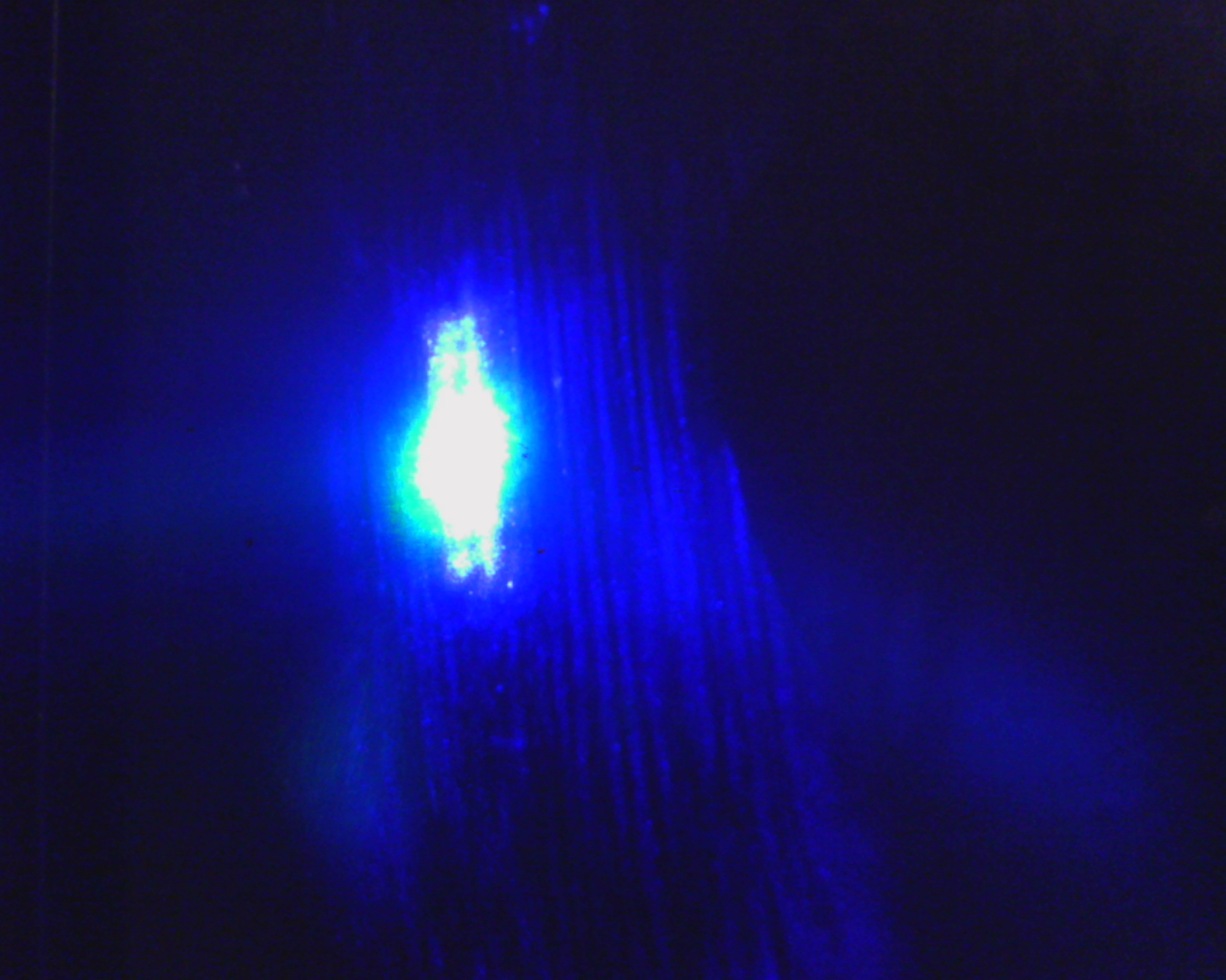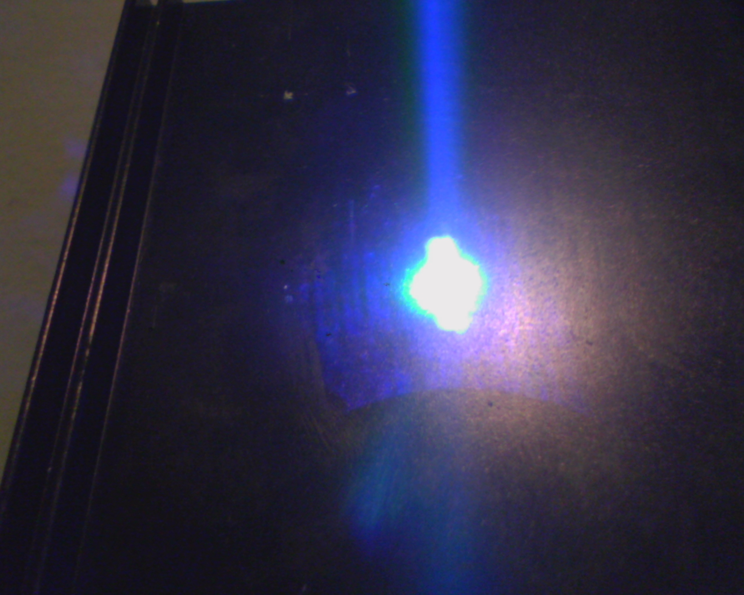 A kék a függőleges csik szerű valami,a kerek kis "paca" pedig a zöld lézerem profilja. A sugarat egy tükörrel vertem vissza,az igy keletkező távolság 10 méter.Messzebre sem változik az összetett profil,csak növekszik kissé az átmérő Sajnos elfelejtettem egy mérőlécet tenni mellé,de szemre nagyjából 6mm átmérőjű volt,ezen a 10 méteren. Maga sugár szemből egész szép hideg fényű(de ez nem jelenti azt hogy meg ne égetne,mert átkozott meleg)a kék nem túlzottan lóg ki,sikerült elég jól beállitanom a kis akryl lencsét. Scannelésnél,animálásnál pedig ezt a kis hibát gyakorlatilag nem lehet észre venni.Erre bizonyiték egy videóm ,1 hónappal ezelőtt készült,akkor még DVD dichrókkal
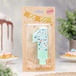 10603252 Свеча тортовая цифра «1» «Мозайка» голубой
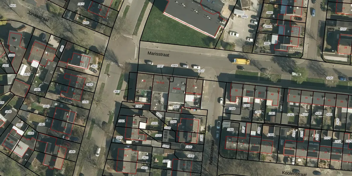 Marisstraat 59 is gelegen op kadastraal perceel GLN00F3967. Deze kadastrale aanduiding is uniek en wordt gebruikt door het Kadaster om eigendomsrechten en andere zakelijke rechten vast te leggen. Het perceel maakt onderdeel uit van de kadastrale gemeente Geleen.
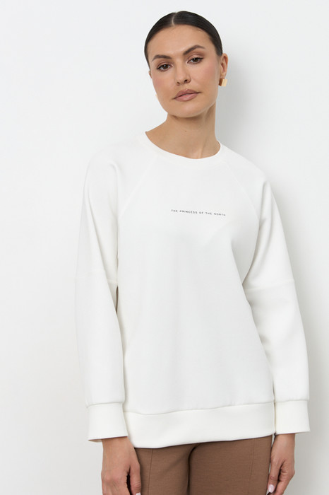 Свитшот из эластичного полотна свободного силуэта. Круглый вырез горловины оформлен бейкой. Рукав реглан с горизонтальным швом в области локтевого сгиба. По низу изделия и рукавов выполнены притачной пояс и манжеты из основной ткани. В таблице размеров представлены параметры человека, а не изделия.
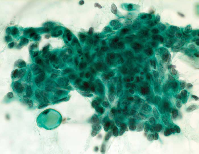 Portioabstrich: Grösserer Verband aus nicht sicher zu klassifizierenden Zellen, die teils an metaplastische Plattenepithelien, teils an Zylinderzellen erinnern. Kerne mittelgross und leicht entrundet. Chromatin fein gekörnt, leicht hyperchromatisch. Erhöhte Kern-Zytoplasma Relation. Keine eindeutigen Zellatypien.
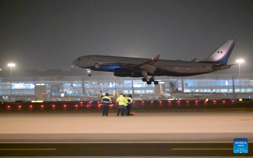 The plane carrying Canadian Prime Minister Mark Carney arrives in Beijing, capital of China, Jan. 14, 2026. Carney arrived here on Wednesday for an official visit to China through Saturday. [Photo by Cai Yang/Xinhua]
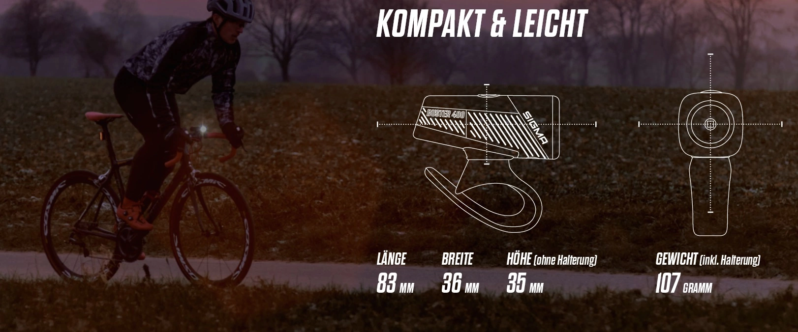 – Mit 400 Lumen und 120m Leuchtweite perfekte Sicht für sportliche Abendfahrten
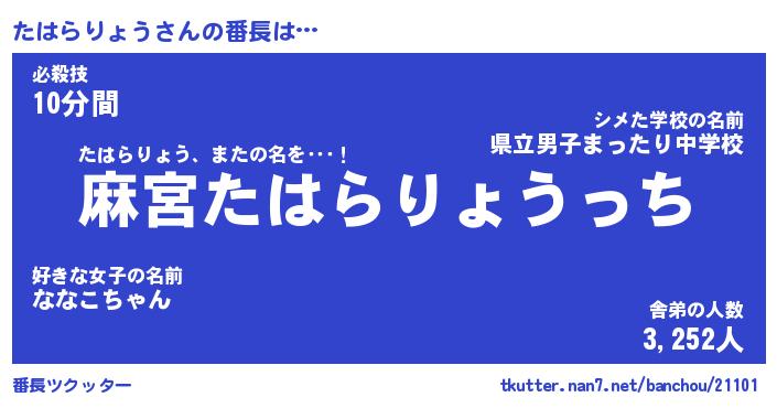 | 男性向けラノベタイトル風あだ名 | 『タハラリョウアートオンライン』 |
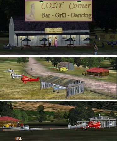 Washington Short Hops, like my Qu?bec and Maine Short Hops, will be a series of close airfields aimed at VFR flying between the nice mountains of Washington. This first series consist of: Cozy Corner, Great Bear Lodge and Bill Calen's Still. All are fictitious and freeware for the basic scenery. You can add lots of candies and life to the scenery by sending a small shareware fee. See the pictures. Details in the download.
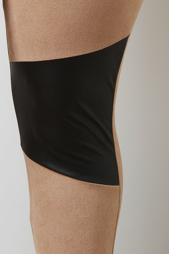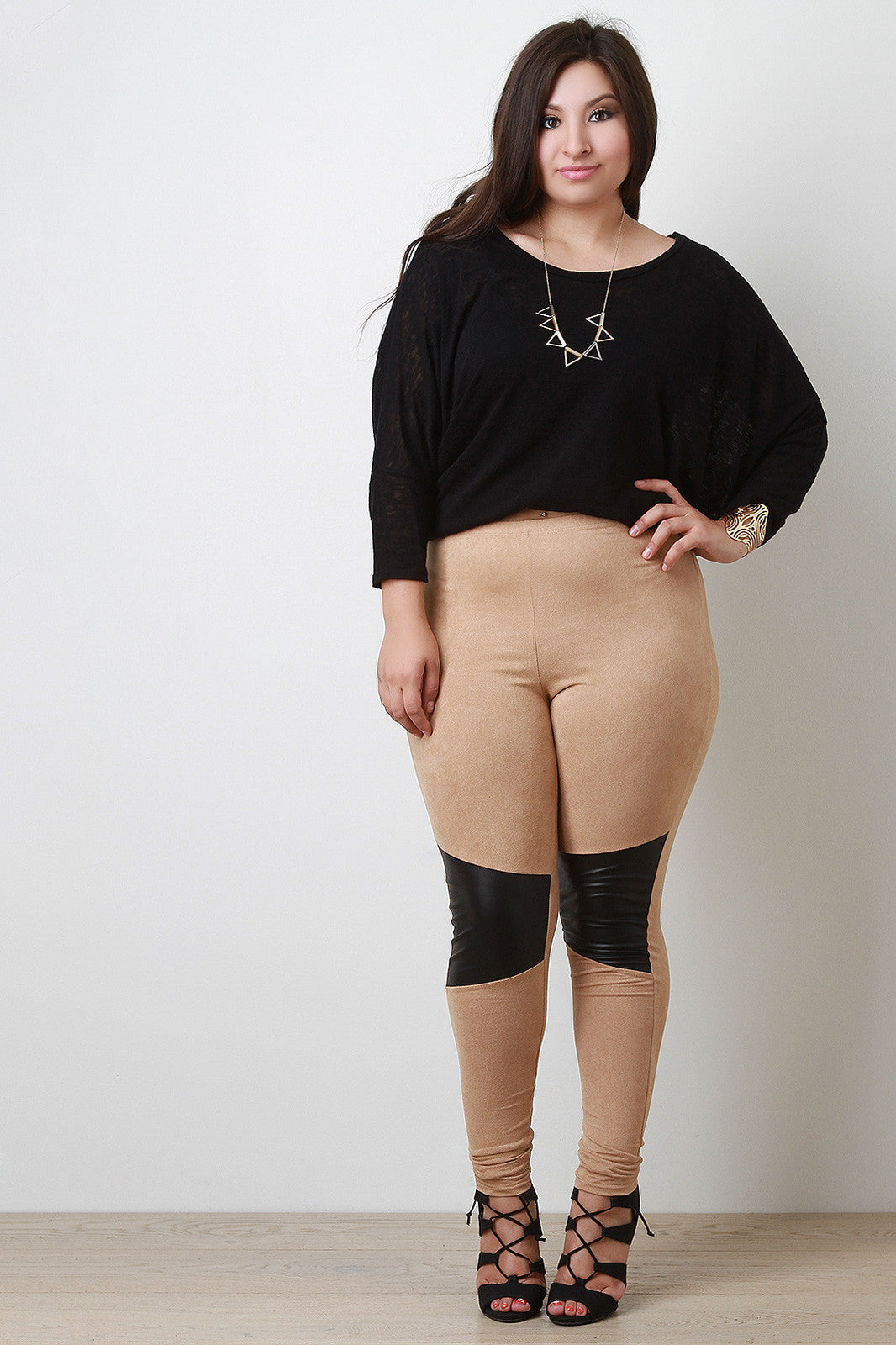 Plus size faux leggings with elasticized waist and vegan leather knee patches. Accessories sold separately. Made in U.S.A. 95% Polyester, 5% Spandex.
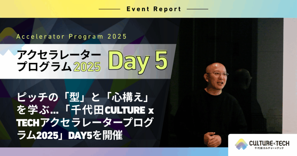 ピッチの「型」と「心構え」を学ぶ…「千代田CULTURE x TECHアクセラレータープログラム2025」DAY5のレポートを公開!
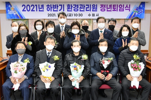 [충청뉴스큐] 수원시는 12월 31일 시청 상황실에서 하반기 환경관리원 정년퇴임식을 열었다.
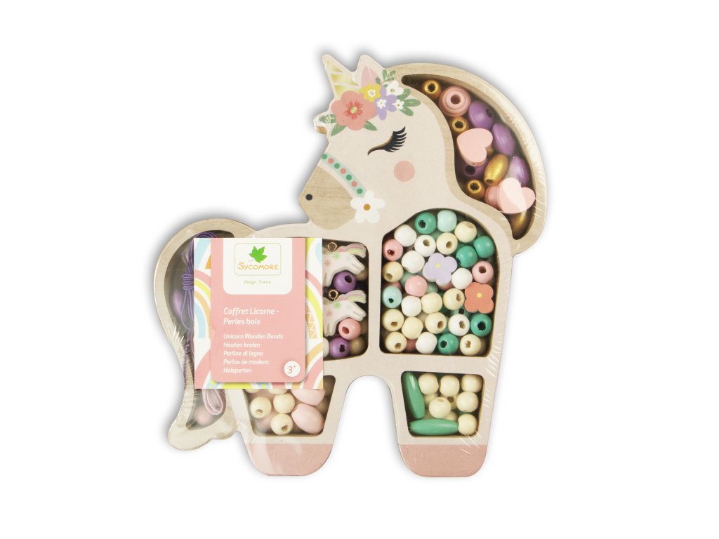 Dřevěné pastelové korálky uložené v krabičce ve tvaru jednorožce jsou krásný dárek pro děti od 3 let. Navlékání korálků napomáhá rozvoji jemné motoriky, koordinaci ruky a oka a navíc vyžaduje trpělivost a soustředění se na danou věc.
########################################
An exact copy is needed of the entries above, starting at the line that holds "男性向けラノベタイトル風あだ名 | 『タハラリョウアートオンライン』 |" and stopping at the line that holds "[충청뉴스큐] 수원시는 12월", both kept; pictures stay out.

 | 男性向けラノベタイトル風あだ名 | 『タハラリョウアートオンライン』 |
 Washington Short Hops, like my Qu?bec and Maine Short Hops, will be a series of close airfields aimed at VFR flying between the nice mountains of Washington. This first series consist of: Cozy Corner, Great Bear Lodge and Bill Calen's Still. All are fictitious and freeware for the basic scenery. You can add lots of candies and life to the scenery by sending a small shareware fee. See the pictures. Details in the download.
 Plus size faux leggings with elasticized waist and vegan leather knee patches. Accessories sold separately. Made in U.S.A. 95% Polyester, 5% Spandex.
 ピッチの「型」と「心構え」を学ぶ…「千代田CULTURE x TECHアクセラレータープログラム2025」DAY5のレポートを公開!
 [충청뉴스큐] 수원시는 12월 31일 시청 상황실에서 하반기 환경관리원 정년퇴임식을 열었다.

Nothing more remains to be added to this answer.